Figure 7.. Downward FRH Occurs during Both NREM and REM Sleep

(A) Schematic for the analysis of NREM1-REM-NREM2 triplets. (B) Firing rate values are Z scored within each triplet and then averaged across all triplets for a given neuron. Each dot represents a neuron, and mean firing rate values for the same neuron are linked by horizontal lines. ****p < 0.0001; Wilcoxon sign-rank test. (C) Difference in mean firing rate values between the first 5 min of NREM₂ and the last 5 min of NREM₁. Black lines indicate mean ± SEM. The yellow dashed line indicates no change. ****p < 0.0001; one-sample t test versus mean of 0. (D) As in (A), but for REM₁-NREM-REM₂ triplets. (E) As in (B), but for REM₁-NREM-REM₂ triplets. *p = 0.05; Wilcoxon sign-rank test. (F) As in (C), but for REM₁-NREM-REM₂ triplets. *p = 0.0383; one-sample t test versus mean of 0.

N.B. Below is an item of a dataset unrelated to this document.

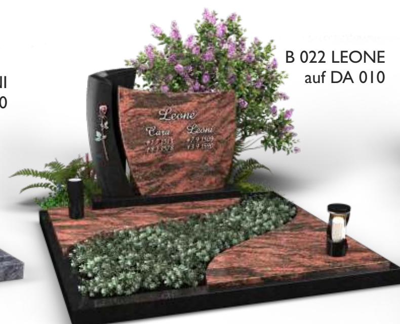
B 022 LEONE auf DA 010

Figure 8.. Non-homeostatic Firing Rate Changes Happen Independently of Animals’ Behavioral State

(A) Two example neurons whose activity begins decreasing in the first light period after MD (early drop). Dashed lines indicate the baseline firing rate for each neuron. White/gray bars in the background indicate 12 h of light/dark. (B) As in (A), but for two neurons whose drop-in firing rate begins during the second light period after MD (late drop). (C) Average baseline-normalized firing rate of all early-drop neurons. The dashed line indicates the baseline firing rate. (D) As in (C), but for late-drop neurons. (E) Change in firing rate across sleep- or wake-dense epochs for all neurons in their respective 12-h drop period. Control S, n = 38 epochs; control W, n = 12 epochs; deprived S, n = 38 epochs; deprived W, n = 26 epochs. (F) Correlation between change in firing rate during drop and percentage of time spent asleep in the same period. Each data point represents the average change in firing rate across early-drop (circles) or late-drop (diamonds) neurons, and each color represents a different animal (n = 6 animals). Percentage of time asleep is calculated per animal in the early-drop or late-drop 12-h period. The black dashed line represents no change. The black solid line shows the linear fit to the data.